Tuhan menciptakan segala sesuatu dengan hitungan-aladad: peredaran bintang, keseimbangan alam semesta, pembentukan manusia, atom, kuantum mekanik, dan bahkan ayat-ayat dalam al-Qur'an sendiri. Mereka terstruktur dengan hitungan yang sistematis dan teliti.

Al-Qur'an dalam bahasa Arab berarti "pembacaan". Al-Quran mungkin kitab yang paling banyak dibaca di dunia. Perlu diketahui, sesungguhnya kata Kitab Suci tidak ada di al-Qur'an. Yang ada adalah sebutan Kitab Mulia, Kitab Agung, Kitab Pemurah, dan lainnya. Kitab Suci dikenal karena media, terpengaruh sebutan kitab suci lainnya. Kesempurnaan dalam bahasa tidak dapat ditentang oleh para pujangga. Bahasa dan makna dipadukan. Irama, keselarasan melodi, ritmenya menghasilkan sebuah efek hipnotis yang kuat. Barangkali bagi orang awam, kandungan al-Qui an sulit dimengerti, karena ia tidak dimulai secara kronologis ataupun narasi-narasi sejarah seperti halnya kitab Yahudi. Ia juga tidak mendasarkan teologinya dalam cerita-cerita dramatis sebagaimana epik-epik India. Tidak pula Tuhan diungkap dalam bentuk manusia sebagaimana dalam Bibel dan Bhagavad Gita. Ia berbicara langsung soal pendidikan-sebagaimana sering dikemukakan oleh para penulis modern-berbicara mengenai membaca, mengajar, memahami dan menulis (al-'Alaq 96 : 1-5).
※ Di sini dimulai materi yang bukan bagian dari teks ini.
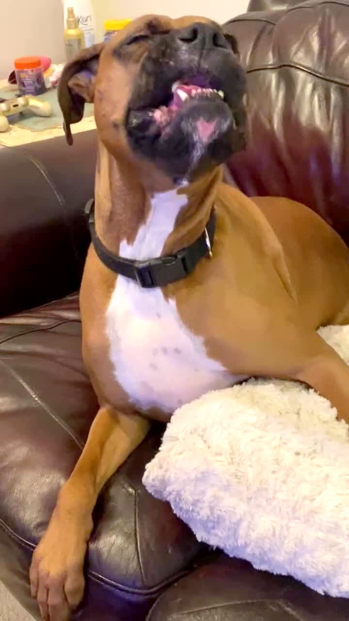 A woman gasps at a dog that lies on a couch. The dog perks up quickly. Gasp at Your Dog Challenge

Di dalam al-Qur'an sendiri ada pemakaian kata "al-Qur'an" dalam arti bacaan, sebagaimana tersebut dalam ayat 17,18 Surat 75 al-Qiyamah:

"Sesungguhnya mengumpulkan al-Qur'an (dalam dadamu) dan (menetapkan) bacaannya (pada lidahmu) itu adalah tanggungan Kami. (Karena itu), jika Kami telah membacakannya maka ikutilah bacaannya."

Kata pertama di dalam al-Qur’an dan Islam adalah sebuah perintah yang ditujukan kepada Nabi, yang secara linguistik menunjukkan bahwa penyusunan teks al-Qur'an berada di luar kewenangan Muhammad saw. Gaya serupa ini tetap dipertahankan di sepanjang al-Qur'an. Ia berbicara kepada atau tentang Nabi dan tidak mengizinkan Nabi berbicara atas kehendaknya sendiri. Al-Qur'an menggambarkan dirinya sendiri sebagai sebuah kitab yang "diturunkan" Tuhan kepada Nabi; ungkapan kata "diturunkan" atau anzalna dalam berbagai bentuk digunakan lebih dari 200 kali. Secara intrinsik, ini berarti bahwa konsep dan isi al-Qur'an benar-benar diturunkan dari langit. Sebagaimana dalam beberapa ayat yang lain, Tuhan juga menurunkan besi, mizan (keadilan, keseimbangan, harmoni) dan 8 pasang binatang ternak. Al-Qur'an diturunkan secara bertahap dalam berbagai peristiwa yang memakan waktu 22 tahun 2 bulan dan 22 hari. Ia dikutip langsung dari catatan di Lauh Mahfuzh, yang berarti Kitab Utama atau bermakna "Pusat Arsip".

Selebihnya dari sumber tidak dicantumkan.